Zoals op de vlakten van de noordelijke Sinaï in de Zesdaagse Oorlog en tussen
de verbrande tanks op de Golanhoogte in de Jom-Kipoeroorlog.’ (643)
-
En dan is er ten slotte Efraïm Avneri, een van
de al wat oudere mannen op de kibboets waar Amos als vijftienjarige binnenkomt.
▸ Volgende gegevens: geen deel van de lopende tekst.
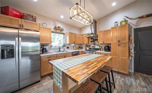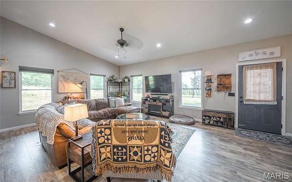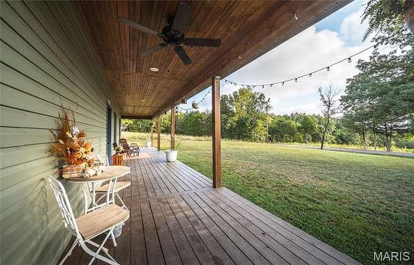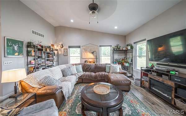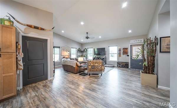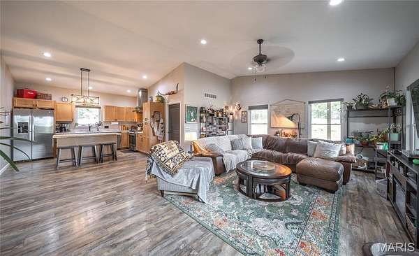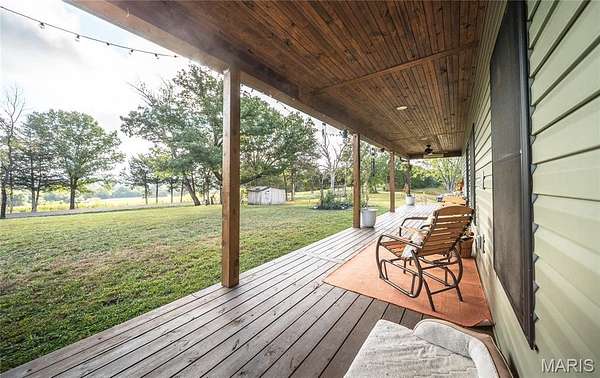 This beautiful 2-bed, 1-bath country home sits on 7.7 acres & combines modern finishes with rustic charm. Built in 2022, it offers the peace of country living with the convenience of updated systems & stylish design. A huge wrap-around porch welcomes you to sit back & enjoy the sweeping views, making it the perfect spot for morning coffee or relaxing evenings outdoors. Inside, the open floorplan & vaulted ceilings create a bright & airy feel, enhanced by luxury vinyl plank flooring throughout. The kitchen is thoughtfully designed with soft-close cabinets, a gas range with hood vent, a large island for gathering & plenty of storage and workspace. The primary bath features a double vanity & dual shower heads, while both bedrooms are complete with walk-in closets for added convenience. An additional corner shower in the laundry/utility area is perfect for cleaning up after working outdoors or for use with pets. Practical upgrades include a durable metal roof, recently replaced siding, a tankless water heater & a high-efficiency HVAC system, ensuring both comfort & energy savings. Outside, you'll find a 450 sq. ft. shed & a 160 sq. ft. shed--ideal for storage, hobbies, or workshop space. The school district for K-8th grade is Strain-Japan R-XVI. Located just 11 miles from Sullivan, 10 miles from Bourbon & 16 miles from Cuba, this property offers the best of both worlds: peaceful country living with quick access to nearby towns. Don't wait. Schedule your showing today.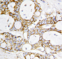- Immunohistochemical staining of paraffin embedded human breast cancer tissue section with DLD polyclonal antibody (Cat # PAB19540).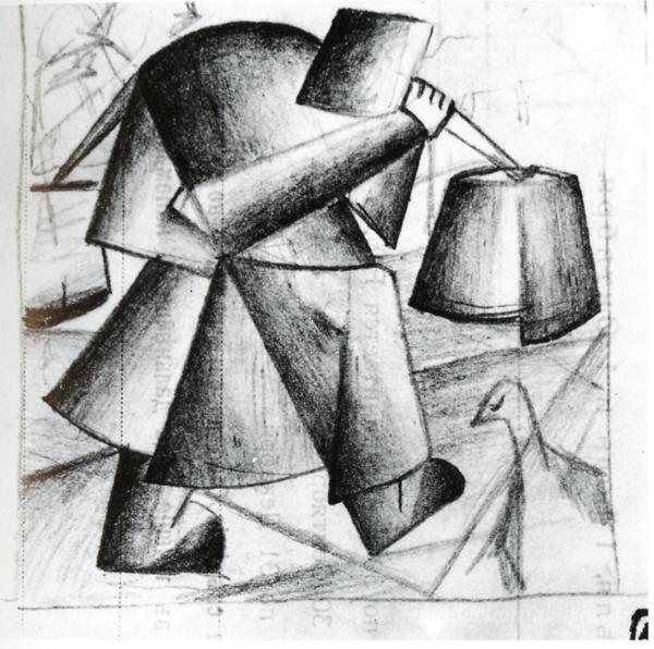 Nous vous proposons une reproduction artisanale sur toile du célèbre tableau 'Esquisser au portrait d'un constructeur' de Kazimir Malevich, provenant du Musée de la Reproduction.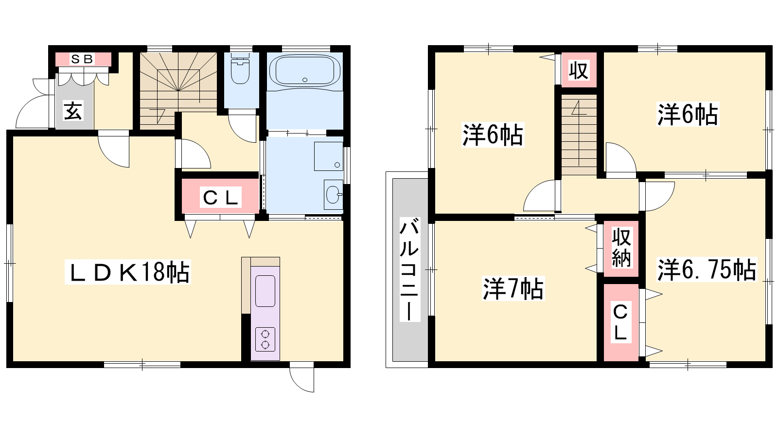 - LDK18帖、洋室7帖、洋室6.75帖、洋室6帖、洋室6帖
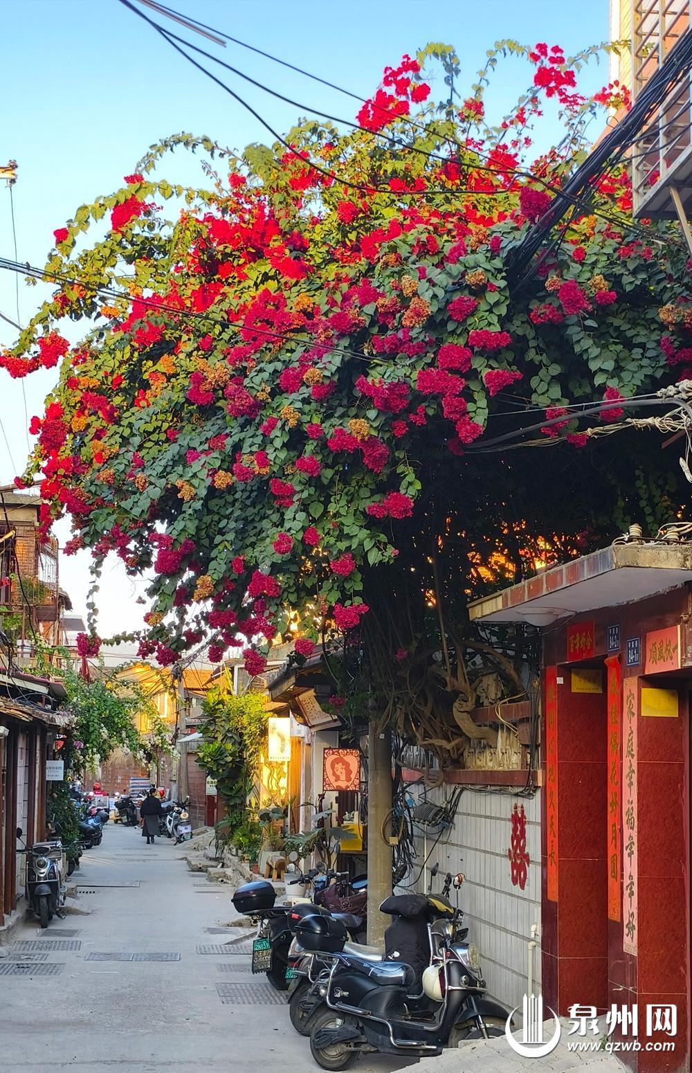 “这些花开在冬天,给人一种既温暖又充满希望的感觉。”一位本地居民表示,自己每天路过花墙时心情都会更加轻松。据了解,三角梅非常适应泉州的气候条件,花期跨越秋冬。近期天气晴好、日照充足,古城多处花景迎来最佳观赏期,为冬日街头增添了鲜艳活泼的气息。(融媒体记者庄丽祥 摄影报道)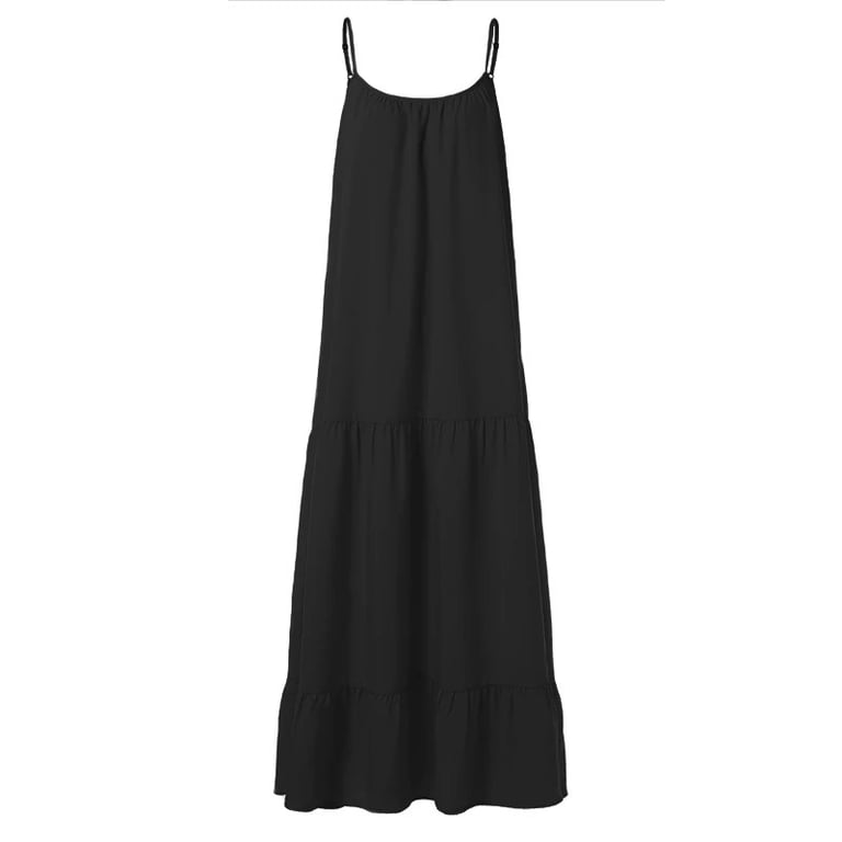 Robe maxi pour femme à bretelles. Encolure ronde avec fronces. Coupe longue et ample. Disponible en plusieurs coloris.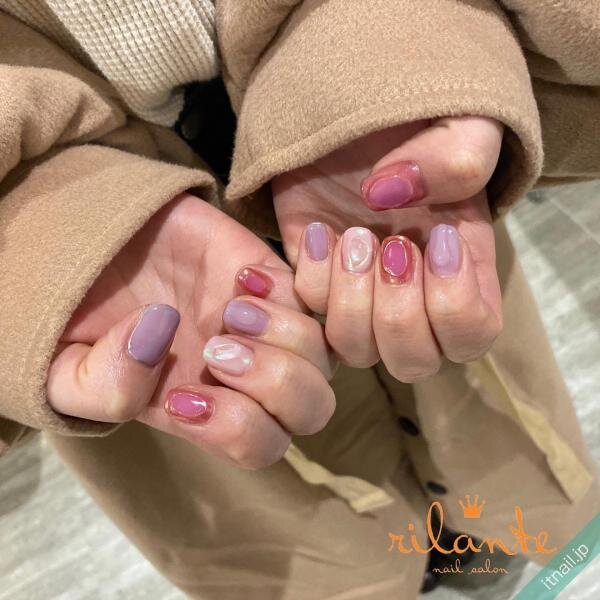 独特な色の入り方が美しいおはじきを忠実にに再現したいなら、ベースに多色を使うのがおすすめ。そこでこちらは同系色を組み合わせてベースカラーを作ったデザイン。ピンク系カラーを組み合わせ、そこにクリアをプラスすれば、キュートなおはじきネイルの完成です。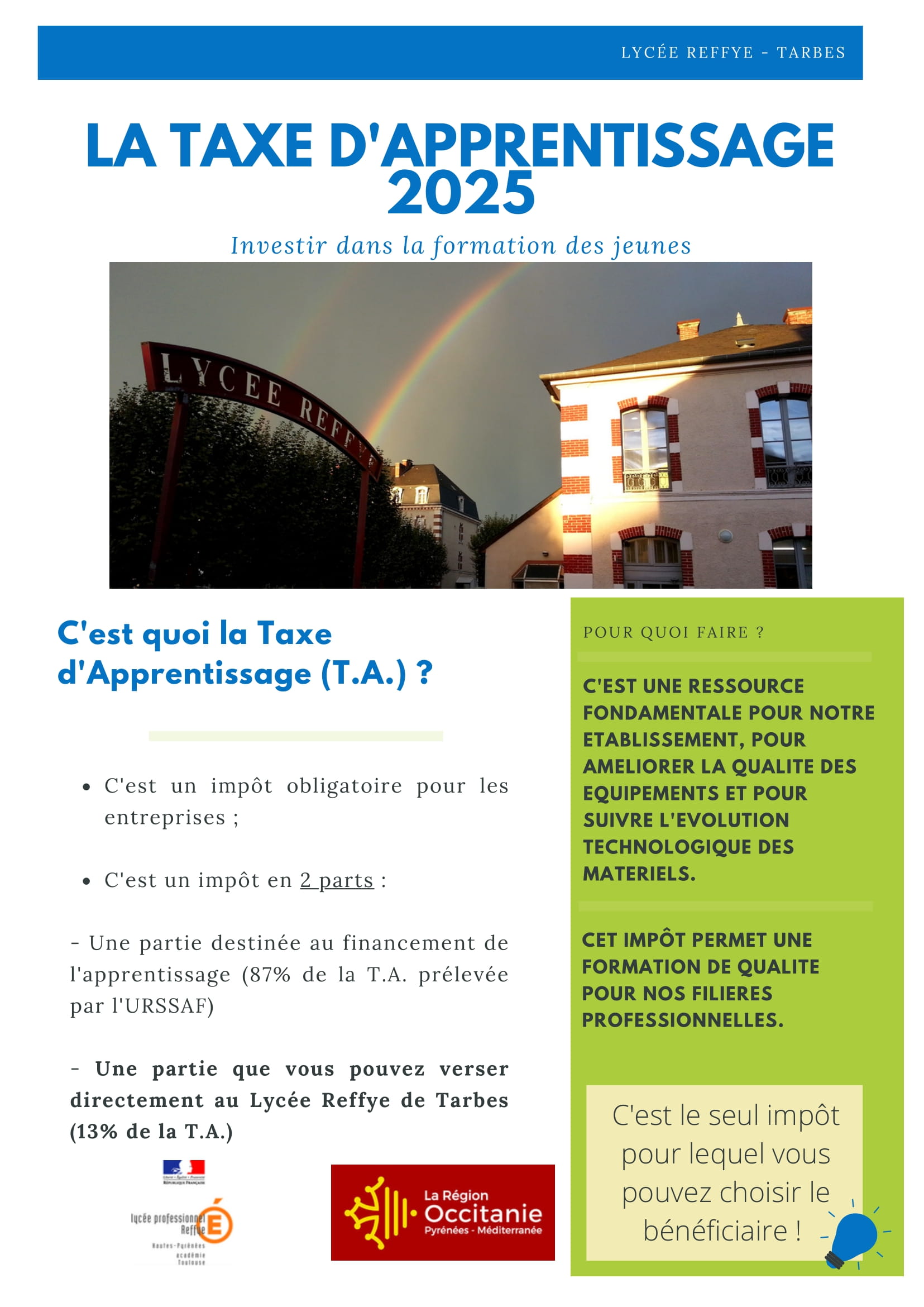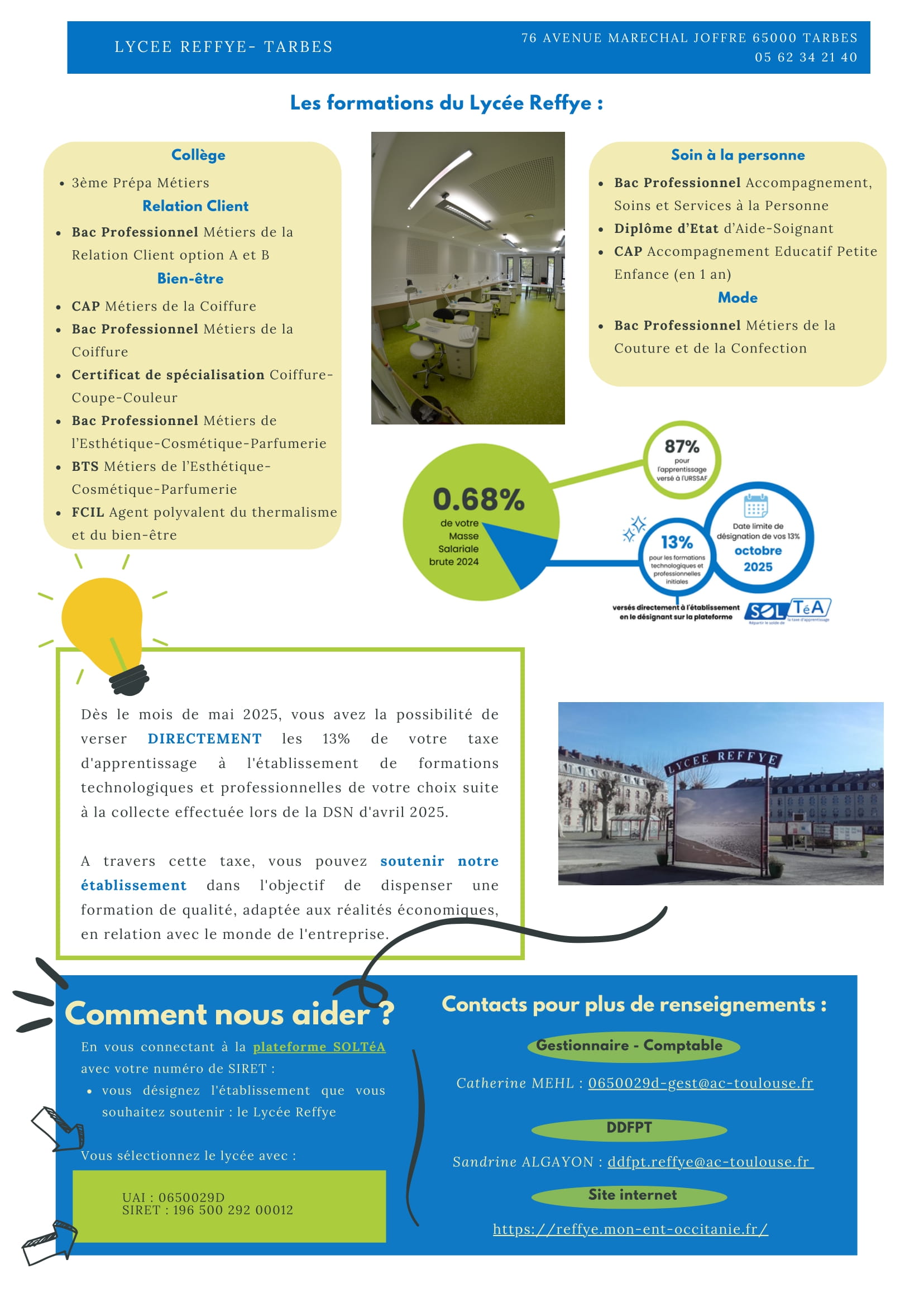 Parents, professeurs, élèves, n’hésitez pas à solliciter dans votre entourage des entreprises en leur demandant de nous verser la taxe d’apprentissage en totalité ou en partie.

Hij tempert Amos’ nog heftige nationalistische gevoelens (‘nog steeds een
conformistisch product van de zionistische werkelijkheid’ (649)). Efraïm
begrijpt de Arabieren: het is van hen dat de Joden het land, dat ze in 1948 door
de VN toegewezen kregen, hebben ‘afgenomen’ (649):
En nu
wij ze verpletterend verslagen hebben en er sindsdien honderdduizenden in
vluchtelingenkampen wonen, verwacht je nu soms dat ze delen in onze vreugde en
ons het allerbeste wensen? (649)
Efraïm vindt dan ook niet dat de
Joden nog meer gebieden moeten bezetten.